◆ Activity: Here are records with pictures in them. Copy all of them exactly and leave the pictures out.

= = =

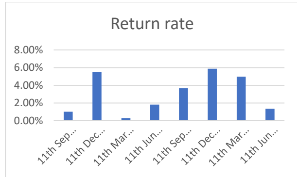
Figure 4 Return rates based on hypothesis investment portfolios

Furthermore, the shape historical BTC spot price curve is highly similar to the shape of the historical BTC/USDT perpetual contract funding rate. Comparing Figure 3 and Figure 4 it shows that the return rate does not highly concern with the BTC spot prices, but by comparing Figure 2 and Figure 4 it can tell that the return rates are highly related to the funding rates.
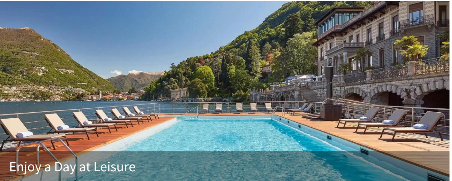
Enjoy a Day at Leisure
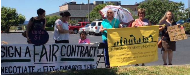
July 2016, Familias Unidas por la Justicia negotiates first contract
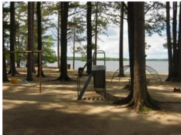
Play Area & BEACH
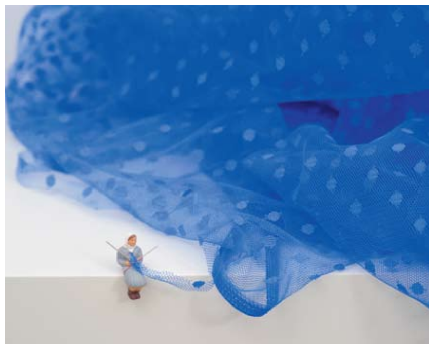
Forced Labor (Weaver-Blue) 2008 DETALHE DETAIL
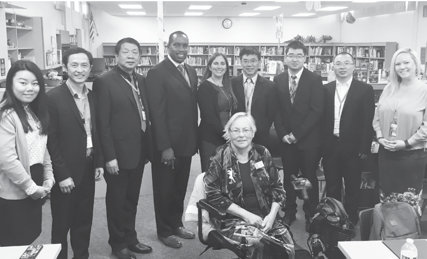
On November 9, Lawndale Elementary School District (LESD) had the honor of hosting Chinese principals from the Jiangsu Provincial Department of Education as part of a larger international cultural collaboration with the theme Curriculum Development and School Culture. The photo shows the group at Will Rogers Middle School. They also visited Jane Addams Middle School. The guests enjoyed a comprehensive overview of the campuses and got a first-hand look at the excellent educational programs offered at each school.
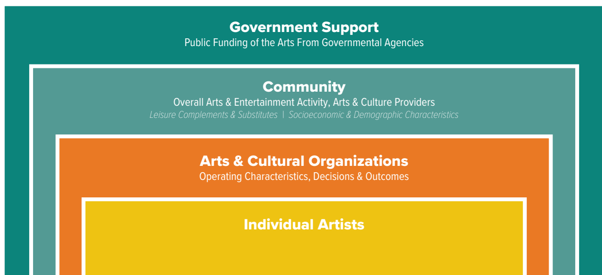
Figure 2: Modeling the Arts & Culture Ecosystem

We drew our measures from a review of the existing literature on arts and culture indicators and from our Model of the Arts & Culture Ecosystem (see Figure 2), which features a complex and interdependent set of relationships among: 1) artists and arts organizations; 2) their communities; and 3) government funding that influences the production and consumption of arts and culture.
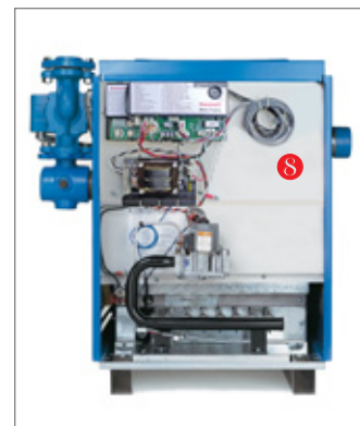
Typical MG 100 E PS interior with Electronic Ignition.

A durable and attractive panel protects controls and wiring.
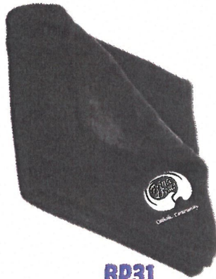
BP31 PORT AUTHORITY ULTRA PLUSH BLANKET
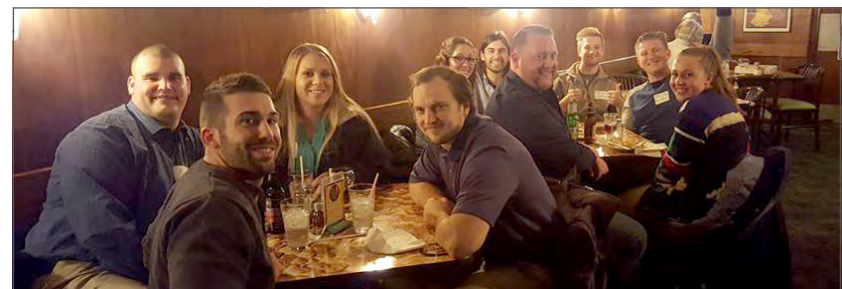
Wooster Young Professionals gather at Coccia House for the 2017 end of the year YP event.
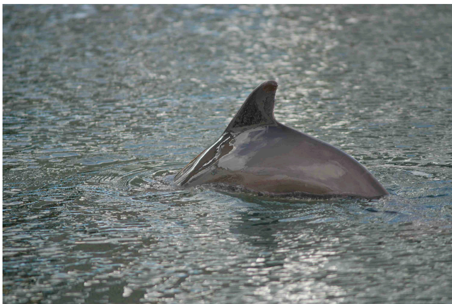
Harbour porpoise, (Photo: Mick Baines)
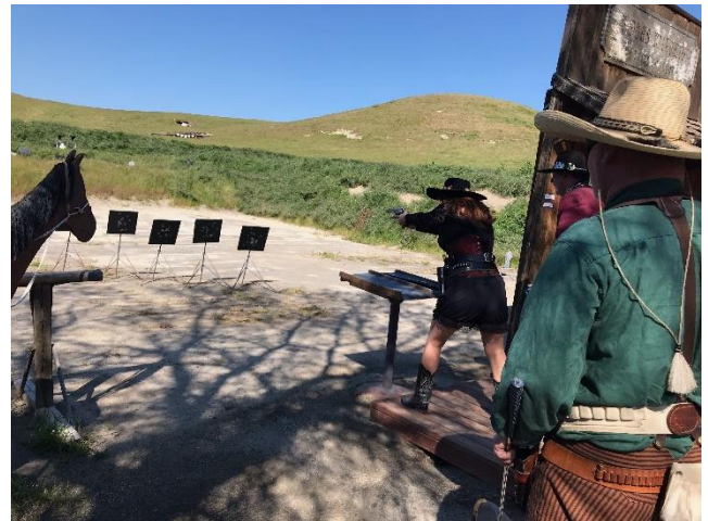
High Dollar, Panhandle Red
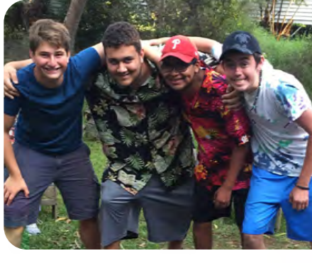
For more information, visit camp-sequoia.com/hawaii
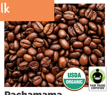
Pachamama Organic Peru Medium Roast Coffee
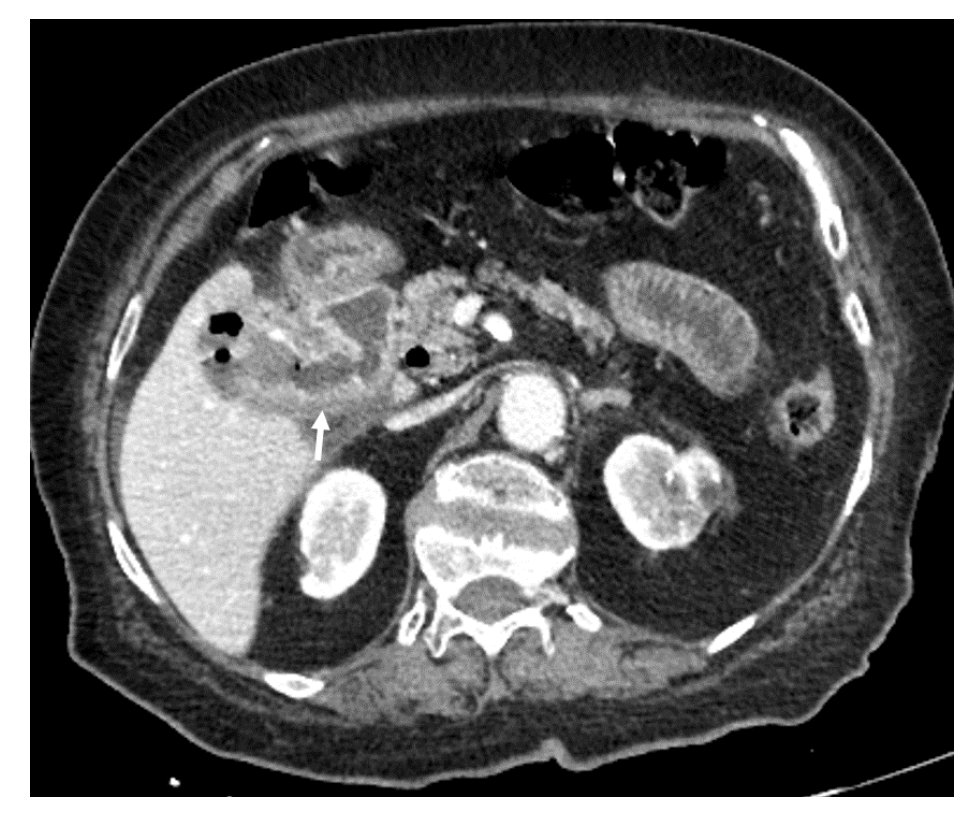
Figure 4. 87-year-old female. Abdominal CT scan, axial plane, portovenous phase. Collapsed gallbladder, with thickened walls, pericholecystitis and air in the pericholecystic space. Also, a connecting path between the gallbladder and duodenum is visible (arrow)—cholecystoduodenal fistula.
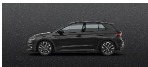
Magic Black Metallic
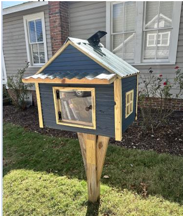
203 Church Street
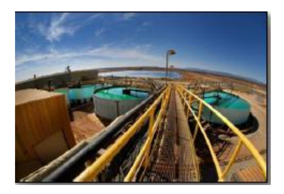
White Mesa Mill, Blanding, Utah

Energy Fuels' foremost asset is the White Mesa mill. It is the only fully-licensed and operating conventional uranium mill in the United States and therefore, gives the company a virtual monopoly on all domestic conventional mining. The mill has a licensed capacity of 2000 tons per day, and can produce up to eight million pounds of uranium per annum. White Mesa also has a circuit to recover vanadium from Colorado Plateau ores, and importantly, North America's only alternate feed circuit to process other uranium-bearing materials. Alternative feeds can include uranium-rich residues derived from UF_6 conversion and uranium-bearing tails from processing at other metal mines.
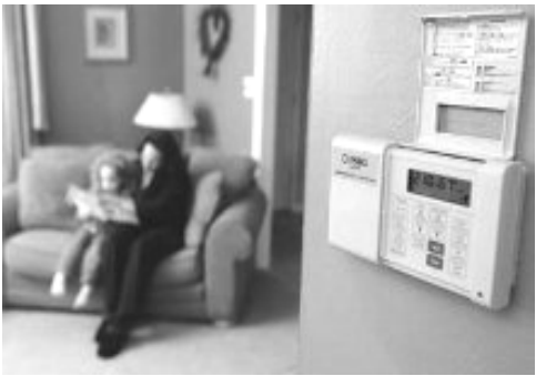
A Smart Grid In-Home-Display

DCEC is proceeding with a system-wide deployment of Smart Grid technology. The program, funded through grants and from the U.S. Department of Energy and the New York State Energy Research &

= = =

◆ Task output:
Figure 4 Return rates based on hypothesis investment portfolios

Furthermore, the shape historical BTC spot price curve is highly similar to the shape of the historical BTC/USDT perpetual contract funding rate. Comparing Figure 3 and Figure 4 it shows that the return rate does not highly concern with the BTC spot prices, but by comparing Figure 2 and Figure 4 it can tell that the return rates are highly related to the funding rates.
Enjoy a Day at Leisure
July 2016, Familias Unidas por la Justicia negotiates first contract
Play Area & BEACH
Forced Labor (Weaver-Blue) 2008 DETALHE DETAIL
On November 9, Lawndale Elementary School District (LESD) had the honor of hosting Chinese principals from the Jiangsu Provincial Department of Education as part of a larger international cultural collaboration with the theme Curriculum Development and School Culture. The photo shows the group at Will Rogers Middle School. They also visited Jane Addams Middle School. The guests enjoyed a comprehensive overview of the campuses and got a first-hand look at the excellent educational programs offered at each school.
Figure 2: Modeling the Arts & Culture Ecosystem

We drew our measures from a review of the existing literature on arts and culture indicators and from our Model of the Arts & Culture Ecosystem (see Figure 2), which features a complex and interdependent set of relationships among: 1) artists and arts organizations; 2) their communities; and 3) government funding that influences the production and consumption of arts and culture.
Typical MG 100 E PS interior with Electronic Ignition.

A durable and attractive panel protects controls and wiring.
BP31 PORT AUTHORITY ULTRA PLUSH BLANKET
Wooster Young Professionals gather at Coccia House for the 2017 end of the year YP event.
Harbour porpoise, (Photo: Mick Baines)
High Dollar, Panhandle Red
For more information, visit camp-sequoia.com/hawaii
Pachamama Organic Peru Medium Roast Coffee
Figure 4. 87-year-old female. Abdominal CT scan, axial plane, portovenous phase. Collapsed gallbladder, with thickened walls, pericholecystitis and air in the pericholecystic space. Also, a connecting path between the gallbladder and duodenum is visible (arrow)—cholecystoduodenal fistula.
Magic Black Metallic
203 Church Street
White Mesa Mill, Blanding, Utah

Energy Fuels' foremost asset is the White Mesa mill. It is the only fully-licensed and operating conventional uranium mill in the United States and therefore, gives the company a virtual monopoly on all domestic conventional mining. The mill has a licensed capacity of 2000 tons per day, and can produce up to eight million pounds of uranium per annum. White Mesa also has a circuit to recover vanadium from Colorado Plateau ores, and importantly, North America's only alternate feed circuit to process other uranium-bearing materials. Alternative feeds can include uranium-rich residues derived from UF_6 conversion and uranium-bearing tails from processing at other metal mines.
A Smart Grid In-Home-Display

DCEC is proceeding with a system-wide deployment of Smart Grid technology. The program, funded through grants and from the U.S. Department of Energy and the New York State Energy Research &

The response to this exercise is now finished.